Six months before Los Angeles-based Shepherd University collapsed into bankruptcy in 2017, accounting firm BW CPA Group Inc. gave the school’s finances a clean bill of health.

State regulators called the audit “grossly deficient,” saying it missed red flags for potential fraud and left numerous errors in the financial statements uncorrected. The year before, BW CPA Group failed its second every-three-year peer review in a row, state regulators said.

Until regulators took disciplinary action in 2019, there was no way for the public to know that a fellow auditing firm twice took the rare step of giving a failing grade to BW CPA. The firm was banned from auditing last year.

Firms that audit private entities essentially police each other, often with no public disclosure.
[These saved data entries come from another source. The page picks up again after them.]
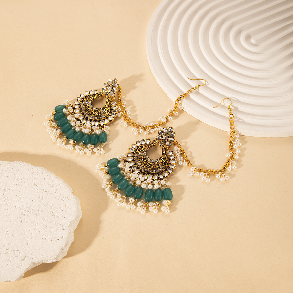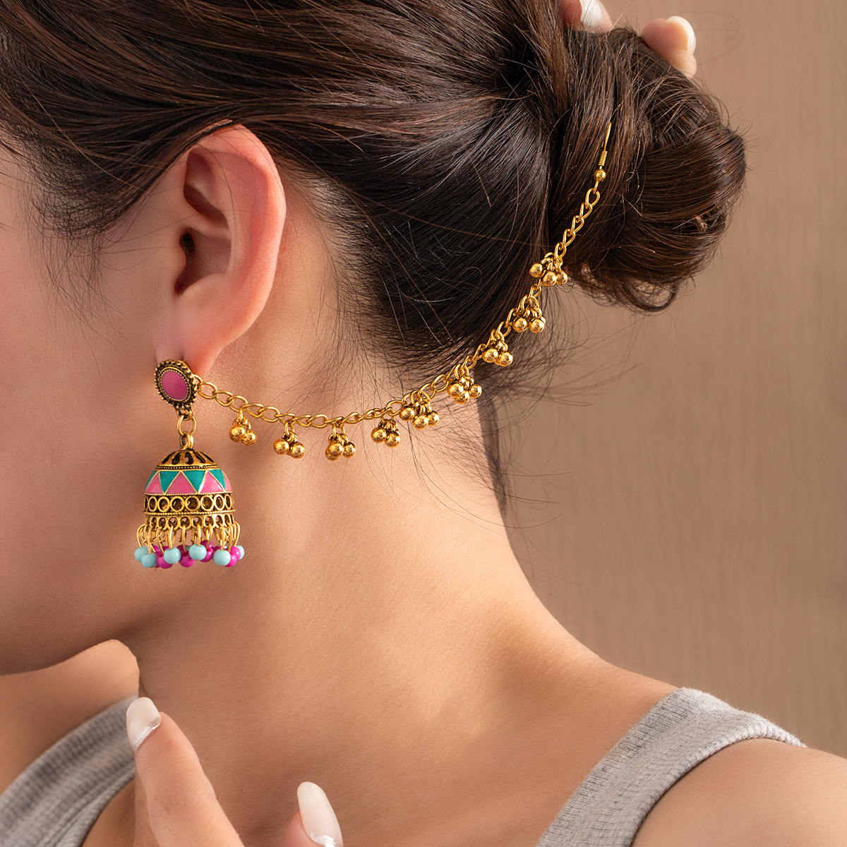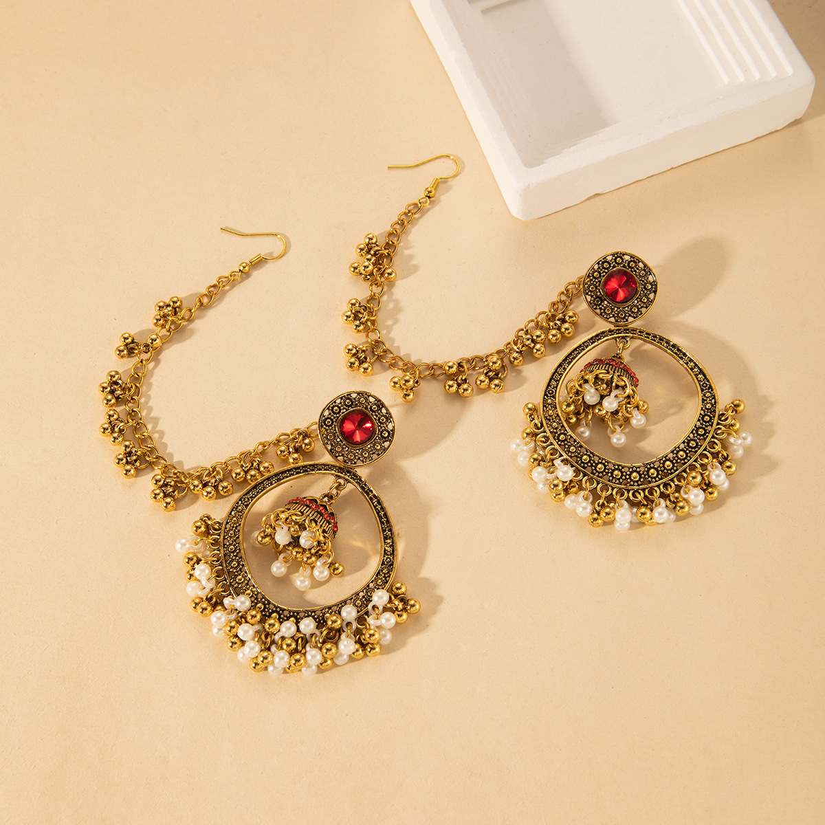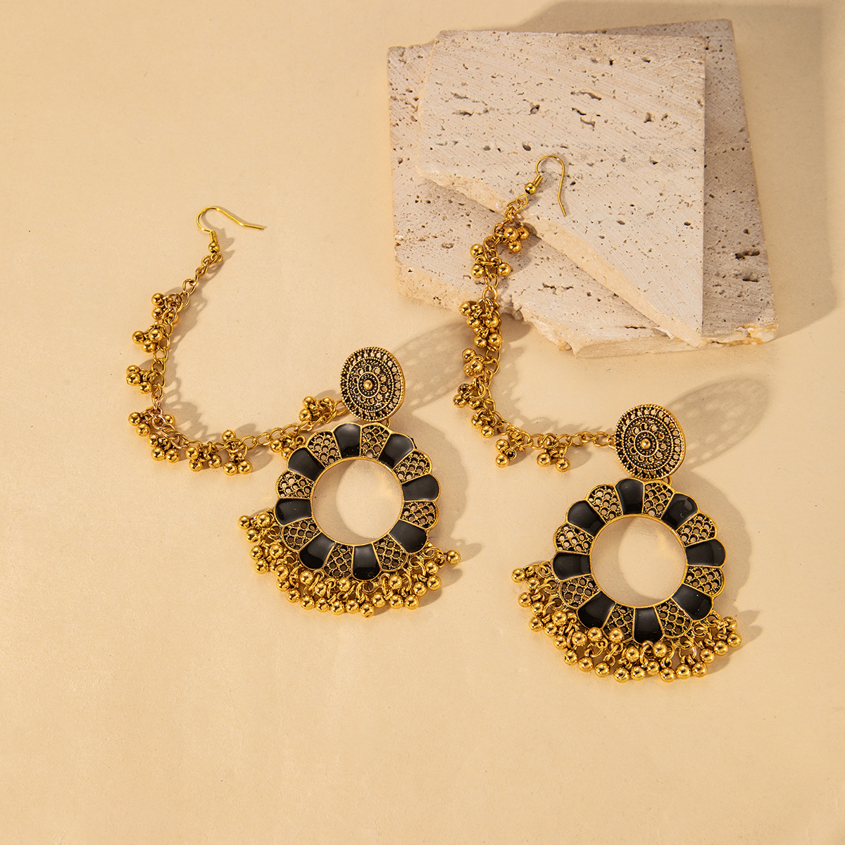 跨境重工一式两戴镂空复古个性耳坠女夸张波西米亚风串珠流苏耳环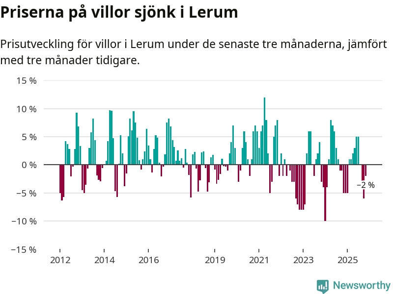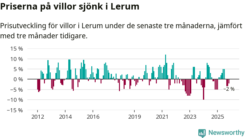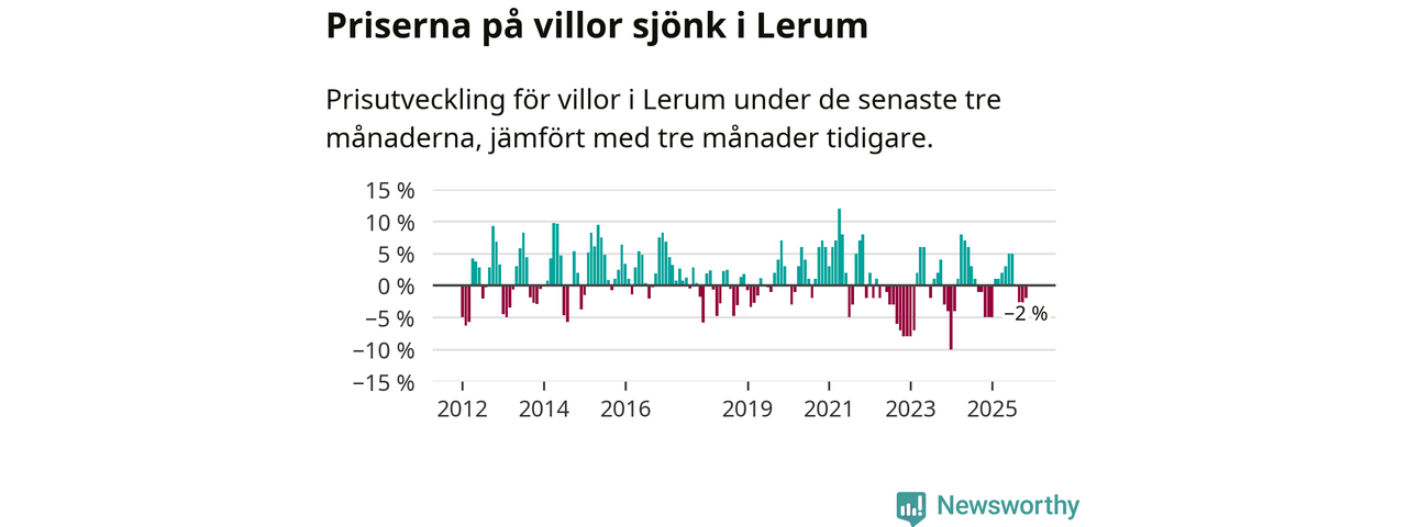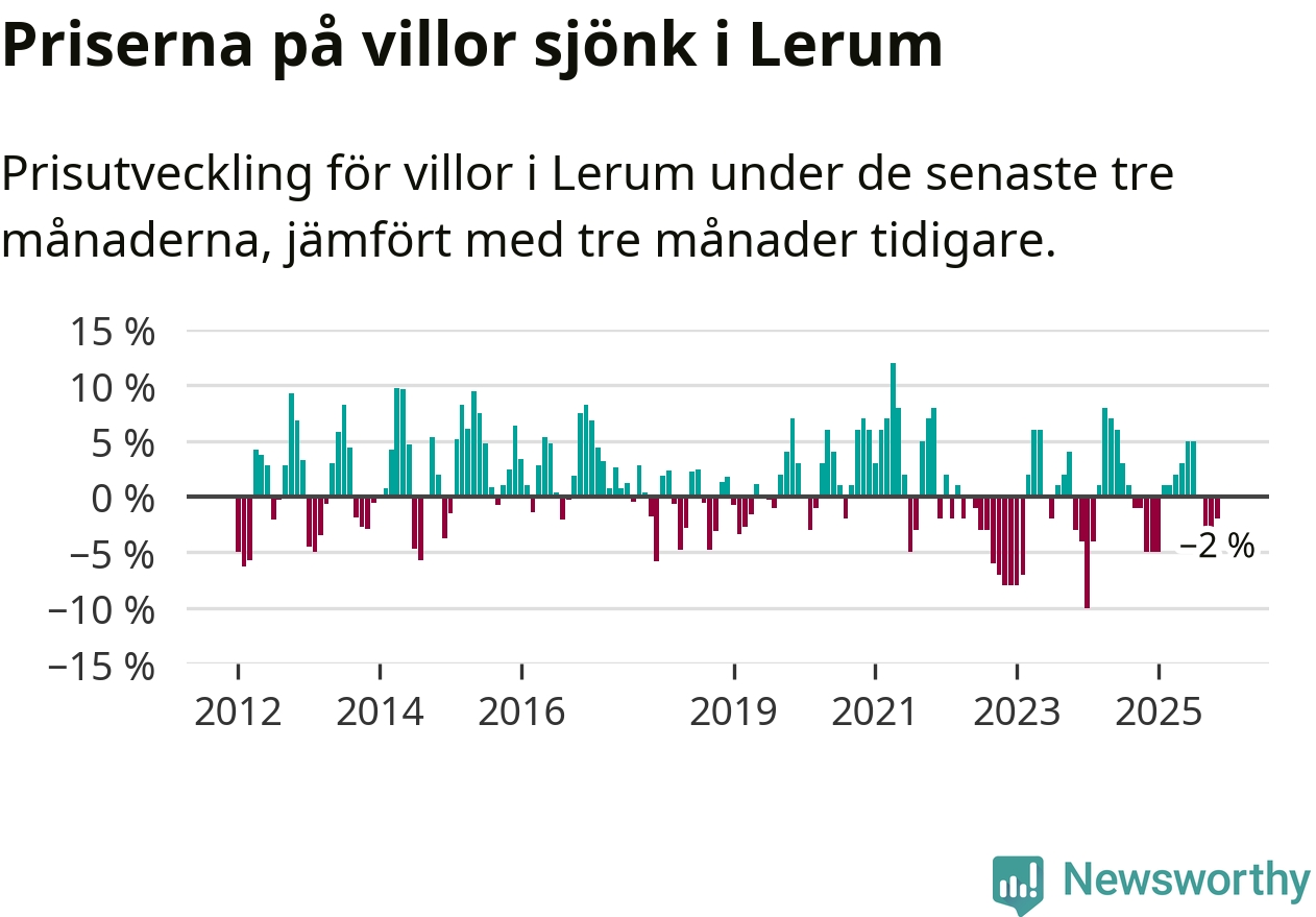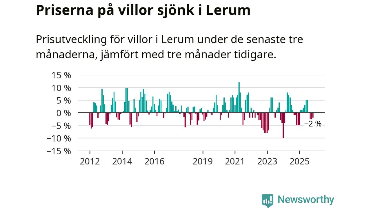 Villapriserna har gått ner i Lerums kommun. Medelpriset på försäljningarna under de senaste tre månaderna visar på en nedgång med 2 procent.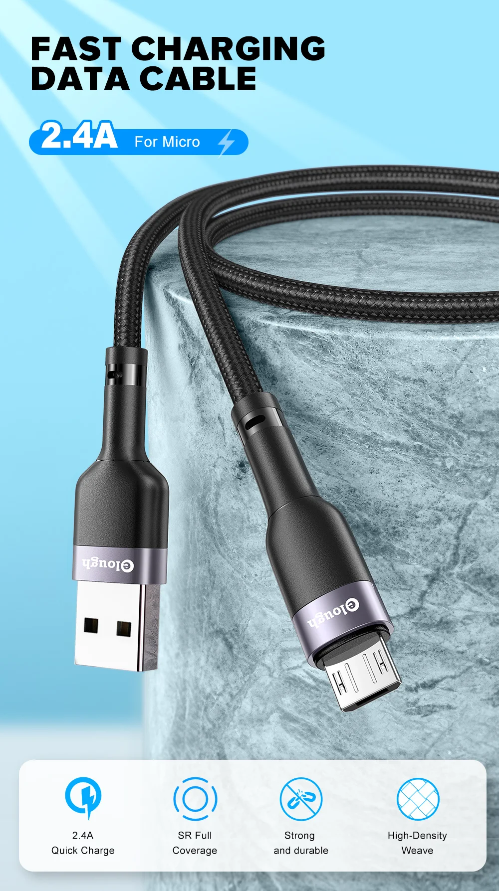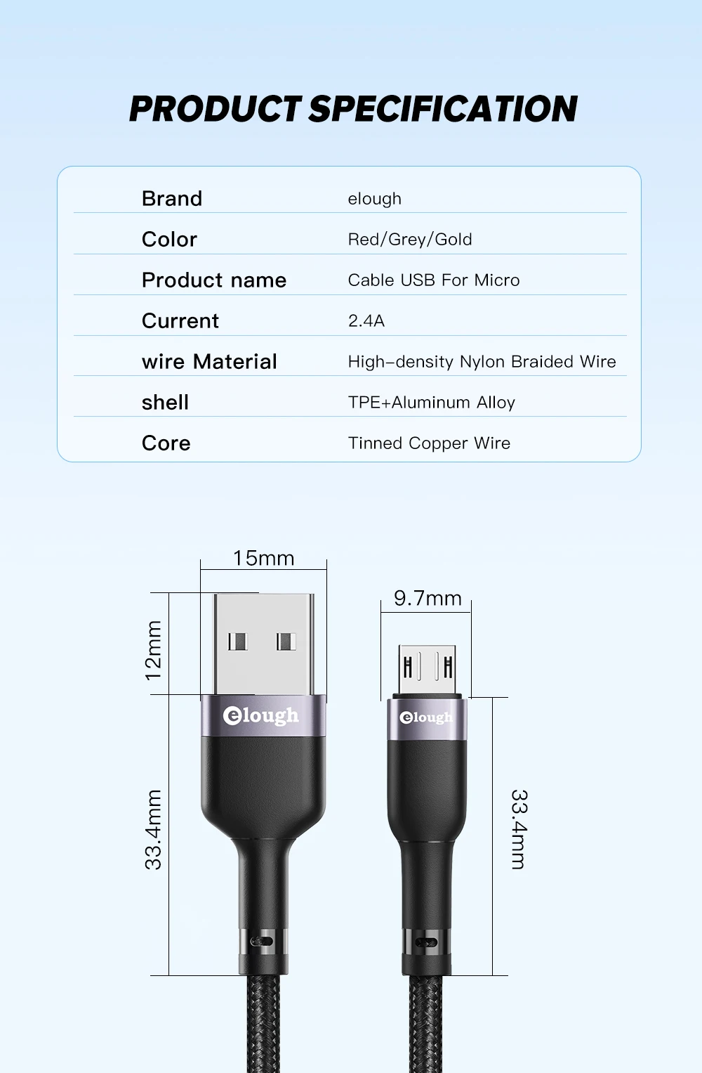 Comprar Elough-Cable Micro USB de carga rápida para móvil, Cable de datos para Xiaomi Redmi, Samsung, Android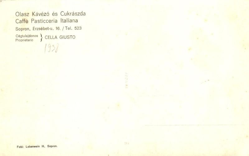 Sopron, Olasz Kávézó és Cukrászda, belső. Erzsébet utca 16. Cella Gius... https://www.darabanth.com/hu/29-Nagyaukcio/29.1/Kepeslapok/Magyarorszag~11796/Sopron-Olasz-Kavezo-es-Cukraszda-belso-Erzsebet-utca-16-Cella-Giusto-cegtulajdonos-Foto~II1770139

A Wall Street Journal analysis of the system shows that auditors give top grades to one another, hardly ever find fault with the biggest accounting firms and often don’t disclose failures among smaller auditors.

Of the firms that disclosed their results, 91% got the highest “pass” grade and only 4% the worst “fail” score on the three-grade scale, the analysis found. None of the biggest 100 firms failed, and 99% of them got the top “pass” score, according to the analysis.